Is Your Royalty Rate Losing You Money?

Royalty rates vary depending on the intellectual property and industry. How the royalty rate is determined most often comes down to negotiating a royalty payment that works for both parties. Sometimes a low royalty is required because of slim profit margins, the IP is unproven, or the market is unknown. But what happens if your IP turns into a big hit in the marketplace? If you’re stuck with a low royalty rate, you can feel like you’re losing money.

Royalties is the term used for licensing payments. Royalties are structured in many ways including fixed, lump sum, quarterly, annually and as a percentage of sales. The royalty rate, however, doesn’t have to be the same for the term of the agreement. There is a way to increase the royalties as your licensing partner increases their revenues. It’s called tiered or adjustable royalty rates. It’s a strategy to boost the revenues earned from your licensing agreements.

Basically it works like this. The more your licensing partner sells, the higher the royalty rate is adjusted, up to a maximum amount. For example, it could be based on the revenues or sales units, and the royalty rate increases at certain increments. For example, the royalty starts at 6% and increases to 7.5% once the licensee reaches one million dollars in sales or a million units. It then increases to a maximum of 9% once they hit 5 million dollars (or units).

I recently negotiated several licensing deals for international rights to some popular movie franchises with tiered royalties. The royalties increased based on reaching certain milestones, either a level of sales or on a specific date, whichever occurred first. This was a good compromise. It gave my client a lower royalty initially to help recoup their investment in developing the property, and provided the licensor a higher average royalty over the term of the license.
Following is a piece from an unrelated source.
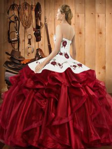 Wine Red Ball Gowns Embroidery and Ruffles 15 Quinceanera Dress Lace Up Organza Sleeveless Floor Length
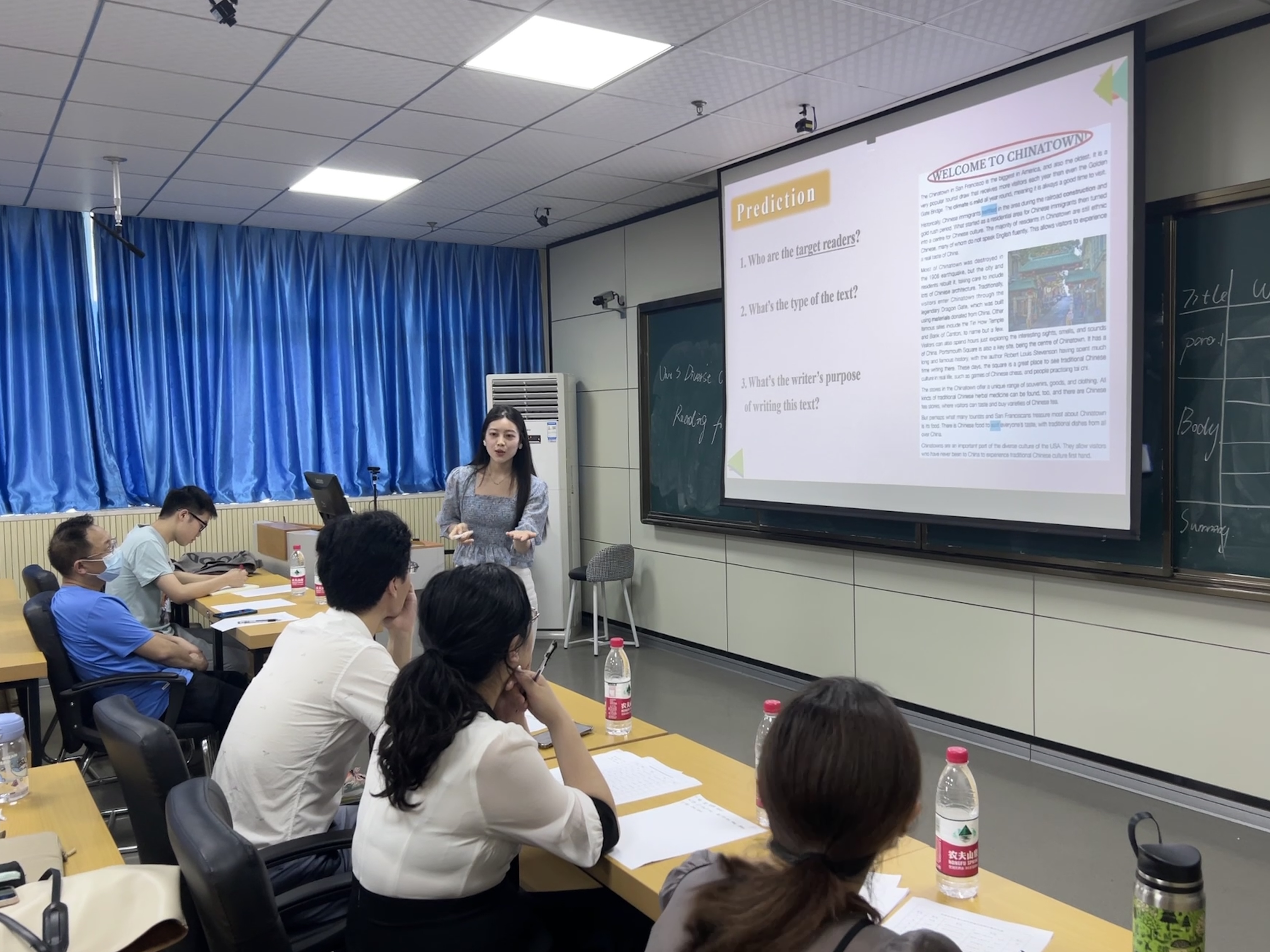 2023年5月21日,为加强 成人短视频 学生的英语基本功训练,提升英语教学技能,展现教师风采, 成人短视频 在21B602举办教师技能大赛决赛,参与本次比赛的评委有伍文忠老师、董志浩老师、刘瑶瑶老师、殷丹老师以及20级优秀研究生代表高伟新同学。

This is just one example of using a tiered royalty rate and how it can increase royalty revenue. Tiered royalties let you tailor the financial part of the agreement to reflect market conditions. Keep in mind,determining a royalty rate depends upon a number of factors. It comes down to what is negotiated. One of the biggest factors is profit margin. What does it cost to generate sales and how much profit does the IP generate?

If your licensing partner has to invest a lot of time, money and resources to market and sell, then the royalty rate will be lower. That’s their risk. A tiered royalty rate is an option that solves this issue, enabling your licensing partner to build their sales, and pay you higher royalties as their revenues increase.